For B-tree tables with key compression selected, in the select statement you can substitute an estimate of the average key size for key_width.
For keys_per_page calculations, see the chapter "Calculating Disk Space."

The results of this query give an approximation of the amount of overflow at the leaf level, per key value. The query works by calculating the number of keys that fit on a page and dividing the total number of particular key incidents—grouped by key—by this value. For instance, if there are 100 occurrences of a particular key and 10 keys fit on each page, there are nine overflow pages at the leaf level.

Other tables can incur overflow pages for reasons other than duplicate keys; hence, overflow distribution can involve more than simply running a query.

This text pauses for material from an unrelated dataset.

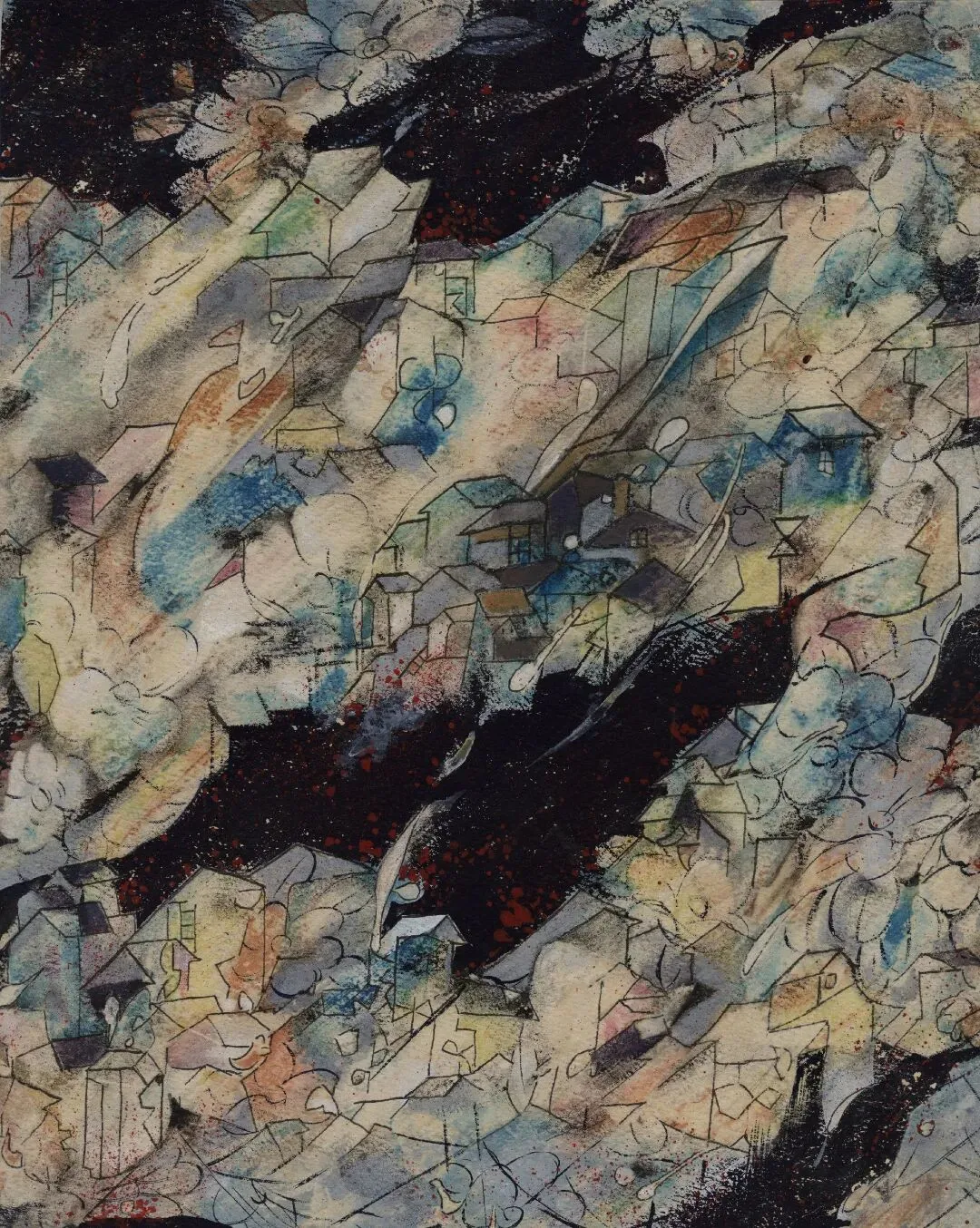 7.20世纪90年代彩绘地花卉村舍手绘稿

Secondary Indexes and Overflow

Overflow must be monitored in secondary indexes, as well as in the primary tables. Even if the base table has a low overflow percentage, the secondary indexes can badly overflow. Except when the base table is a heap or B-tree table, the base table generally overflows before the secondary index.

Secondary indexes need to be monitored and modified at interim points—even between base table modifications—to ensure a low percentage of overflow pages. More information is provided in Modifying Secondary Indexes.